## Work order
Taking the line with "geht an Frau" as the first and the line with "わりばしに書いてある名前を見" as the last, set down exactly every line in that range from the entries below, and no more.

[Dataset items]
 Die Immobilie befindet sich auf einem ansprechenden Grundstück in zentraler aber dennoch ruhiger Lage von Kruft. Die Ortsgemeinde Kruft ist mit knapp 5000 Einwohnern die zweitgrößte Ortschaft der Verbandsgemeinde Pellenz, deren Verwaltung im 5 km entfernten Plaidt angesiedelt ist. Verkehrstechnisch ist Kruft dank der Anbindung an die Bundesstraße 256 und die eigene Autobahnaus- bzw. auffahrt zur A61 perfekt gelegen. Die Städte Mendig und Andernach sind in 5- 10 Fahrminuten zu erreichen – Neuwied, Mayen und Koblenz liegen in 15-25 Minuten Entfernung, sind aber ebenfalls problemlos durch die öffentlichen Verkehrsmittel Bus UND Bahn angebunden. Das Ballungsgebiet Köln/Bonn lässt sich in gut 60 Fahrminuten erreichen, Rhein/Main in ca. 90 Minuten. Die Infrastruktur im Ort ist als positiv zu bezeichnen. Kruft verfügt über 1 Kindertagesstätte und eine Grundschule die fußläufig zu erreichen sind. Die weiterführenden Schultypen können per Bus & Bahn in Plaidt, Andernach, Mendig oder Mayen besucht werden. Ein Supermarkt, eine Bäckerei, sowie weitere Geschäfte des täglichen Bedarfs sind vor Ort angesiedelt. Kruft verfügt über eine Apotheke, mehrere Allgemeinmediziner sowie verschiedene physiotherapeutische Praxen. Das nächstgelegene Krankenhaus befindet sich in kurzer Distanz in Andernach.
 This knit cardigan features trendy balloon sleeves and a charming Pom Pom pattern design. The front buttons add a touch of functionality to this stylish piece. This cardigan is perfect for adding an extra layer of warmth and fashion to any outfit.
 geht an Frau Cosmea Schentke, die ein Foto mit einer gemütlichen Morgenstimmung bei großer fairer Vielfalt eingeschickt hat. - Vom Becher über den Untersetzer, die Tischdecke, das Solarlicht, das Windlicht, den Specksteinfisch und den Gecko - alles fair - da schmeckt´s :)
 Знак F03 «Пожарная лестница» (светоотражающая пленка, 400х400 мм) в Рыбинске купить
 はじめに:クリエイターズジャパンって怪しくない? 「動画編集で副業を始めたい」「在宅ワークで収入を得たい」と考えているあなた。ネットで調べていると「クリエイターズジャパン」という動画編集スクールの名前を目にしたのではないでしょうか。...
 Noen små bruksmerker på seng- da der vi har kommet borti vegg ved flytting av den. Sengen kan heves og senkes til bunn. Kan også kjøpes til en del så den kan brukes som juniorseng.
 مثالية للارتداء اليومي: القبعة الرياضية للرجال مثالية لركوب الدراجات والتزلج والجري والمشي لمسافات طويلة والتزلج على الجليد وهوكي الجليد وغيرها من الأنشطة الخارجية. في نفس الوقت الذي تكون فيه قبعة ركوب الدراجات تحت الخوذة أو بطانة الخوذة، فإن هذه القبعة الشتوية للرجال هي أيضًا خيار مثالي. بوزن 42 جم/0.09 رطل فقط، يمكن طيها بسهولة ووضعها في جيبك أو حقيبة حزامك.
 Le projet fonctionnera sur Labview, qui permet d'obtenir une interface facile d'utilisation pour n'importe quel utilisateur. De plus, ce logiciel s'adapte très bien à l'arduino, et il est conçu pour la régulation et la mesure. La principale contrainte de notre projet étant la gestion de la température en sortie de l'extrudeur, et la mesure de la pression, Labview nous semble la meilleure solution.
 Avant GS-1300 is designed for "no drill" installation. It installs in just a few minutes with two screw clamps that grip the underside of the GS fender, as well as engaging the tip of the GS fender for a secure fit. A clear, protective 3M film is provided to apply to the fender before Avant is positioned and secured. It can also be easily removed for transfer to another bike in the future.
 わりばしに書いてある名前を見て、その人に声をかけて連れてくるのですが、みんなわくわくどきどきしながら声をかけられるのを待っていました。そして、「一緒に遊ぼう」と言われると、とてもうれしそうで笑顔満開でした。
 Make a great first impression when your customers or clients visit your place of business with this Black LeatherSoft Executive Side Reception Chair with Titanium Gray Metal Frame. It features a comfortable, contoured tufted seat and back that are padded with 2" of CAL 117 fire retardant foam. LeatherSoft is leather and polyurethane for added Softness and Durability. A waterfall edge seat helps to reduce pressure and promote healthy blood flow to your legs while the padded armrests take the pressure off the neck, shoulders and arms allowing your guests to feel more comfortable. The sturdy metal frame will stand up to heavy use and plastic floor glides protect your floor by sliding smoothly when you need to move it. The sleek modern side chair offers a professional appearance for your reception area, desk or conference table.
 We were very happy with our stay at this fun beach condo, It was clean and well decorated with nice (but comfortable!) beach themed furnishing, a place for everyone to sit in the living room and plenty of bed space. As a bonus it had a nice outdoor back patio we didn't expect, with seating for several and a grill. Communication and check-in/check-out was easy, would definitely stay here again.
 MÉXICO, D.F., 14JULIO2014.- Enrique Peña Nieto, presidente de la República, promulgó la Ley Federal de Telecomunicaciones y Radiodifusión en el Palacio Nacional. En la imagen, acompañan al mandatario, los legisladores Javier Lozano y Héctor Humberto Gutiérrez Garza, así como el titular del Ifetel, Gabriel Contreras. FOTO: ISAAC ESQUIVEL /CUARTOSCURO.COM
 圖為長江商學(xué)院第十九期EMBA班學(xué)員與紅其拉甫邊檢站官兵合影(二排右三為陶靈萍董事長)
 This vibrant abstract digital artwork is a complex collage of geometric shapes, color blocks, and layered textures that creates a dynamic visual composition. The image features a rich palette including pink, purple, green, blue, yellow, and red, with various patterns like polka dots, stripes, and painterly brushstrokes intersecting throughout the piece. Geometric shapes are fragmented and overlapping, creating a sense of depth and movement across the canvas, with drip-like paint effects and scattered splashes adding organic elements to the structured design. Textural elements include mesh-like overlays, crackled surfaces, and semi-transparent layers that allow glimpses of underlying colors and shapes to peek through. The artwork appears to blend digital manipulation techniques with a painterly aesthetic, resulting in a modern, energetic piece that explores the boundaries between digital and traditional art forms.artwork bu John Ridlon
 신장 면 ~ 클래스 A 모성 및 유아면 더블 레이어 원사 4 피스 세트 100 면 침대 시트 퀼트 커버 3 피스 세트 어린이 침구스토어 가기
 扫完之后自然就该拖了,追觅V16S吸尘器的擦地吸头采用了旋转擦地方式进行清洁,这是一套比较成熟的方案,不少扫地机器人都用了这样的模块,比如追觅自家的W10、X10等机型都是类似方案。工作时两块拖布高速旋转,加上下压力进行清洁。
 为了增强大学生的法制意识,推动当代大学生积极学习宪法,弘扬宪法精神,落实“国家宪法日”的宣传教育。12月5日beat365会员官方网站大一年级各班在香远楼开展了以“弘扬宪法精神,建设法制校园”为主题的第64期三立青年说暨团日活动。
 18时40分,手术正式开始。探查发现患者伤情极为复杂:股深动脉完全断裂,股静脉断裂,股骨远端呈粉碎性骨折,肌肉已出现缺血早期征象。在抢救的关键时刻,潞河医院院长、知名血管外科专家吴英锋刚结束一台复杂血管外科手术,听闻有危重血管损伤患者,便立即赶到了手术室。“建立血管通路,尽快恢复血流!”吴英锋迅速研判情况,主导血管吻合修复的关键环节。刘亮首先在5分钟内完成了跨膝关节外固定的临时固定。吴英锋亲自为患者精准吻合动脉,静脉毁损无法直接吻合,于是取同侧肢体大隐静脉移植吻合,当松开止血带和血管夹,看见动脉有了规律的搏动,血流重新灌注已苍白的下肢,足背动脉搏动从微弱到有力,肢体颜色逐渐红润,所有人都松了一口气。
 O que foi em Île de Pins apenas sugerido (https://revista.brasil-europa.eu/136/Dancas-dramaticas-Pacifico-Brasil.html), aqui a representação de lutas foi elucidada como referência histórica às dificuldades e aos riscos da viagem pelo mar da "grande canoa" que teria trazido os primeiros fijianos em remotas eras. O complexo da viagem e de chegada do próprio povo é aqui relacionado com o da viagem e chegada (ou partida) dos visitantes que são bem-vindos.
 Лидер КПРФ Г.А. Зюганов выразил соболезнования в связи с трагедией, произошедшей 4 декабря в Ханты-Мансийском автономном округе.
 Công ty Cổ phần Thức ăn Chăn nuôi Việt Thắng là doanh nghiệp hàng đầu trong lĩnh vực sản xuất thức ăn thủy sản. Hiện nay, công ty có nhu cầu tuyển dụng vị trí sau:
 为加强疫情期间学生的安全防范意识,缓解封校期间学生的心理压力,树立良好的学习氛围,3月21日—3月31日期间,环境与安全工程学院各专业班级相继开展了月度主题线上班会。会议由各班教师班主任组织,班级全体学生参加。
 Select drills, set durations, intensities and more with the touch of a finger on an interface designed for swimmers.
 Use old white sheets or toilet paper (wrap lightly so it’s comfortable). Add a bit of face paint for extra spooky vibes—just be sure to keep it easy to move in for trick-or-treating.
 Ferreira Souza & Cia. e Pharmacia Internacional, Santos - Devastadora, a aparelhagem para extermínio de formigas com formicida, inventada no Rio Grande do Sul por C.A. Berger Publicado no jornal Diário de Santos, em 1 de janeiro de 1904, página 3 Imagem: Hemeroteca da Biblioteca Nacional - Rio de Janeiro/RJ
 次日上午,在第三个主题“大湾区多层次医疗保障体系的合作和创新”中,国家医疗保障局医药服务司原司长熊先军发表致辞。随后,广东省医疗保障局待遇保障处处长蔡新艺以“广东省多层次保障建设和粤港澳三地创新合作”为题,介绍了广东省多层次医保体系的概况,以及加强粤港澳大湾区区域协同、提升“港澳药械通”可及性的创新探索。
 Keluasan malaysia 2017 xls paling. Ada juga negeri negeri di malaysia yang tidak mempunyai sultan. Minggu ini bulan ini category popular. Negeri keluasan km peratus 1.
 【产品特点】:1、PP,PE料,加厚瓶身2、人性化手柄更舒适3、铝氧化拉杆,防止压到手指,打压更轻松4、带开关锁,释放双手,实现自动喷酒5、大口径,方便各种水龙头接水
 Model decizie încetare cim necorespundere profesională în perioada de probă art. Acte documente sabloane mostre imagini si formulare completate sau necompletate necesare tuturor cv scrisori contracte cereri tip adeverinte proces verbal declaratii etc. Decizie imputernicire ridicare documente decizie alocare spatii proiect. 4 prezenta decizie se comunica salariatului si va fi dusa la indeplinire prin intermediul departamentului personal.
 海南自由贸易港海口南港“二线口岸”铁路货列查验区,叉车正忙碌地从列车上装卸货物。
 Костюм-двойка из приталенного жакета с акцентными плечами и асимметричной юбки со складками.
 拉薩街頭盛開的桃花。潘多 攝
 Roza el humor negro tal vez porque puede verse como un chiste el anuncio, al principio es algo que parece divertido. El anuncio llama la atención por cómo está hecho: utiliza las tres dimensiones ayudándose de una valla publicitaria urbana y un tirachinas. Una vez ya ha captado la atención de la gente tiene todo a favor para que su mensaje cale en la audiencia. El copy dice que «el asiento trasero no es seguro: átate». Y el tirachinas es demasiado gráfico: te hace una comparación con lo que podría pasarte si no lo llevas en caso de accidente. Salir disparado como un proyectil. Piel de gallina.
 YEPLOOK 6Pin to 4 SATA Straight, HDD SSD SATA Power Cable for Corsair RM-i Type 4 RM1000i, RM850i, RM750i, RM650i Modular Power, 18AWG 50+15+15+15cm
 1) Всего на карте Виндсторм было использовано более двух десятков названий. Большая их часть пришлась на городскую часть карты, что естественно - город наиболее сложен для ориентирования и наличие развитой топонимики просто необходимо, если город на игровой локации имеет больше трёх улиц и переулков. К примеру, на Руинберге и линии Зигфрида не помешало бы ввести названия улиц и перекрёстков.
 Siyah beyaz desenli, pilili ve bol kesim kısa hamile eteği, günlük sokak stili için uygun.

## Expected answer
 geht an Frau Cosmea Schentke, die ein Foto mit einer gemütlichen Morgenstimmung bei großer fairer Vielfalt eingeschickt hat. - Vom Becher über den Untersetzer, die Tischdecke, das Solarlicht, das Windlicht, den Specksteinfisch und den Gecko - alles fair - da schmeckt´s :)
 Знак F03 «Пожарная лестница» (светоотражающая пленка, 400х400 мм) в Рыбинске купить
 はじめに:クリエイターズジャパンって怪しくない? 「動画編集で副業を始めたい」「在宅ワークで収入を得たい」と考えているあなた。ネットで調べていると「クリエイターズジャパン」という動画編集スクールの名前を目にしたのではないでしょうか。...
 Noen små bruksmerker på seng- da der vi har kommet borti vegg ved flytting av den. Sengen kan heves og senkes til bunn. Kan også kjøpes til en del så den kan brukes som juniorseng.
 مثالية للارتداء اليومي: القبعة الرياضية للرجال مثالية لركوب الدراجات والتزلج والجري والمشي لمسافات طويلة والتزلج على الجليد وهوكي الجليد وغيرها من الأنشطة الخارجية. في نفس الوقت الذي تكون فيه قبعة ركوب الدراجات تحت الخوذة أو بطانة الخوذة، فإن هذه القبعة الشتوية للرجال هي أيضًا خيار مثالي. بوزن 42 جم/0.09 رطل فقط، يمكن طيها بسهولة ووضعها في جيبك أو حقيبة حزامك.
 Le projet fonctionnera sur Labview, qui permet d'obtenir une interface facile d'utilisation pour n'importe quel utilisateur. De plus, ce logiciel s'adapte très bien à l'arduino, et il est conçu pour la régulation et la mesure. La principale contrainte de notre projet étant la gestion de la température en sortie de l'extrudeur, et la mesure de la pression, Labview nous semble la meilleure solution.
 Avant GS-1300 is designed for "no drill" installation. It installs in just a few minutes with two screw clamps that grip the underside of the GS fender, as well as engaging the tip of the GS fender for a secure fit. A clear, protective 3M film is provided to apply to the fender before Avant is positioned and secured. It can also be easily removed for transfer to another bike in the future.
 わりばしに書いてある名前を見て、その人に声をかけて連れてくるのですが、みんなわくわくどきどきしながら声をかけられるのを待っていました。そして、「一緒に遊ぼう」と言われると、とてもうれしそうで笑顔満開でした。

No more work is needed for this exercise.